EX-5.1 2 tm2217962d2_ex5-1.htm EXHIBIT 5.1

 

Exhibit 5.1

 

Troutman Pepper Hamilton Sanders LLP
3000 Two Logan Square, Eighteenth and Arch Streets
Philadelphia, PA 19103-2799

 

troutman.com

 

June 10, 2022

 

Board of Directors

Ocugen, Inc.

11 Great Valley Parkway

Malvern, PA 19355

 

 

Ladies and Gentlemen:

 

We are acting as counsel to Ocugen, Inc., a Delaware corporation (the “Company”), in connection with the sale and issuance from time to time of up to $180,000,000 of the Company’s common stock, $0.01 par value per share (the “Shares”), pursuant to the Company’s effective registration statement on Form S-3 (File No. 333-254550) (the “Registration Statement”) under the Securities Act of 1933, as amended (the “Act”), which became automatically effective upon filing with the Securities and Exchange Commission (the “Commission”) on March 22, 2021, a base prospectus dated March 22, 2021 (the “Base Prospectus”), and a prospectus supplement dated June 10, 2022, (together with the Base Prospectus, the “Prospectus”).
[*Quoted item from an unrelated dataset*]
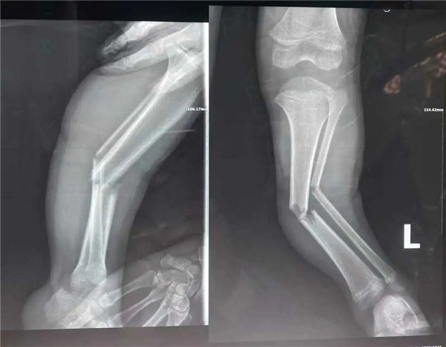 經(jīng)拍片顯示,睿睿左脛腓骨中段粉碎性骨折。接診的我院骨科中心主任羅軍建議其入院接受手術(shù)治療。

The Shares are being sold pursuant to the terms of the At Market Issuance Sales Agreement, dated June 10, 2022 (the “Agreement”), by and among the Company, Cantor Fitzgerald & Co., Mizuho Securities USA LLC, H.C. Wainwright & Co., LLC, Roth Capital Partners, LLC and Chardan Capital Markets, LLC.

 

For purposes of this opinion letter, we have examined copies of such agreements, instruments and documents as we have deemed an appropriate basis on which to render the opinions hereinafter expressed. In our examination of the aforesaid documents, we have assumed the genuineness of all signatures, the legal capacity of all natural persons, the accuracy and completeness of all documents submitted to us, the authenticity of all original documents, and the conformity to authentic original documents of all documents submitted to us as copies (including telecopies). As to all matters of fact, we have relied on the representations and statements of fact made in the documents so reviewed, and we have not independently established the facts so relied on. This opinion letter is given, and all statements herein are made, in the context of the foregoing.

 

This opinion letter is based as to matters of law solely on the Delaware General Corporation Law, as amended. We express no opinion herein as to any other statutes, rules or regulations.

 

 

 

Ocugen, Inc.
Page 2
June 10, 2022
 

 

Based upon, subject to and limited by the foregoing, we are of the opinion that following (i) issuance of the Shares pursuant to the terms of the Agreement, and (ii) receipt by the Company of the consideration for the Shares specified in the resolutions of the Board of Directors, the Shares will be validly issued, fully paid, and nonassessable.

 

This opinion letter has been prepared for use in connection with the filing by the Company of a Current Report on Form 8-K relating to the offer and sale of the Shares, which Form 8-K will be incorporated by reference into the Registration Statement and Prospectus, and speaks as of the date hereof. We assume no obligation to advise you of any changes in the foregoing subsequent to the delivery of this letter.

 

We hereby consent to the filing of this opinion letter as Exhibit 5.1 to the above-described Form 8-K and to the reference to this firm under the caption “Legal Matters” in the Prospectus. In giving this consent, we do not thereby admit that we are an “expert” within the meaning of the Act.